• _Prompt_
The response should consist of the data below, copied exactly, with no pictures in it.

• _Raw data_
▼▼▼

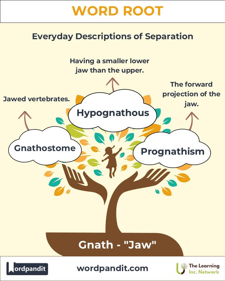 Dive into the fascinating linguistic root "gnath," originating from Greek and meaning "jaw." From descriptive anatomical terms like "gnathic" to evolutionary insights in "prognathous," the root "gnath" unveils the structure and function of this essential feature in humans and animals alike.
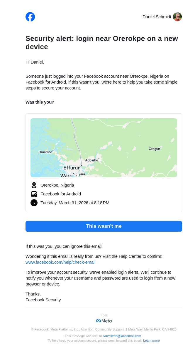 From: security@facebookmail.com
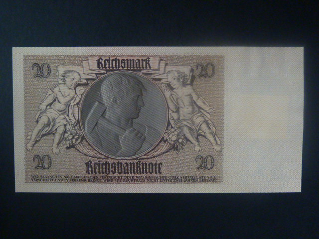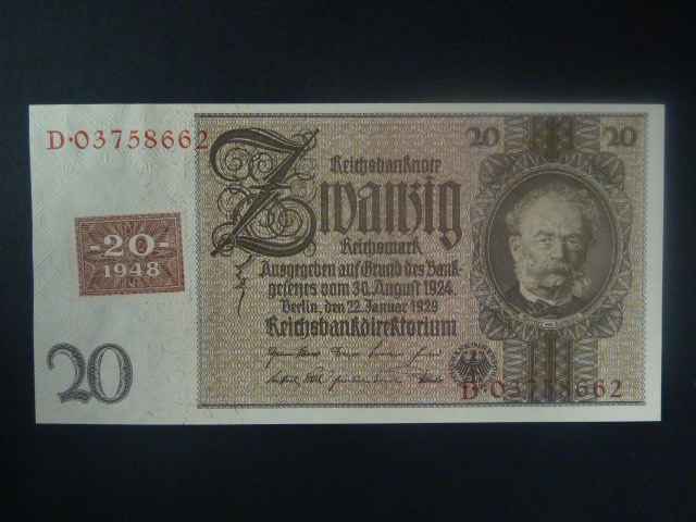 DDR - 20 DM 1948 (1929) série D válečná s kolkem, Ro. 335, Grab. SBZ-6c
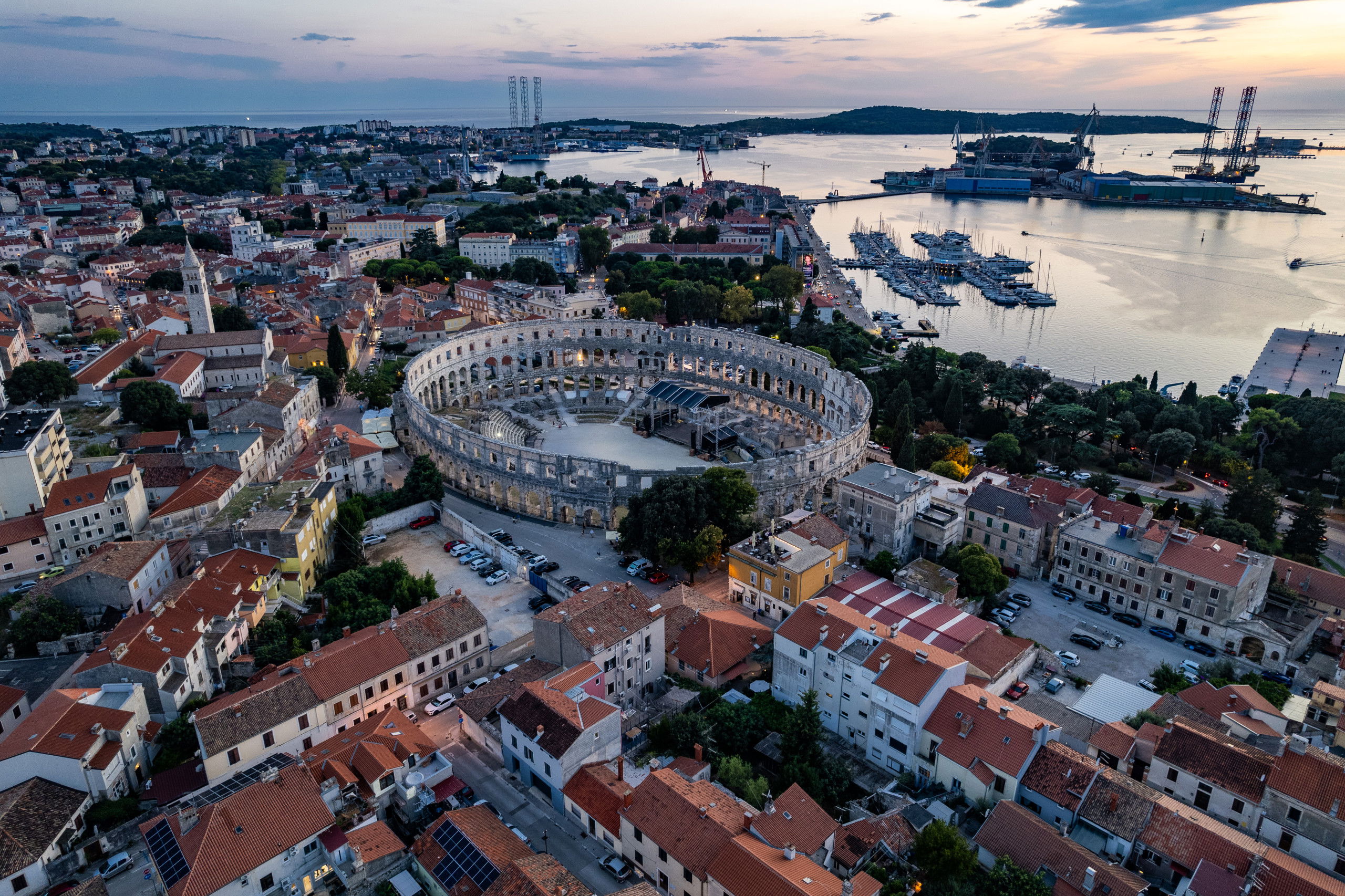 Im Stadtzentrum finden Sie viele antike römische Denkmäler, darunter den Triumphbogen des Sergius und den Augustus-Tempel.

▲▲▲

• _Answer section_
 Dive into the fascinating linguistic root "gnath," originating from Greek and meaning "jaw." From descriptive anatomical terms like "gnathic" to evolutionary insights in "prognathous," the root "gnath" unveils the structure and function of this essential feature in humans and animals alike.
 From: security@facebookmail.com
 DDR - 20 DM 1948 (1929) série D válečná s kolkem, Ro. 335, Grab. SBZ-6c
 Im Stadtzentrum finden Sie viele antike römische Denkmäler, darunter den Triumphbogen des Sergius und den Augustus-Tempel.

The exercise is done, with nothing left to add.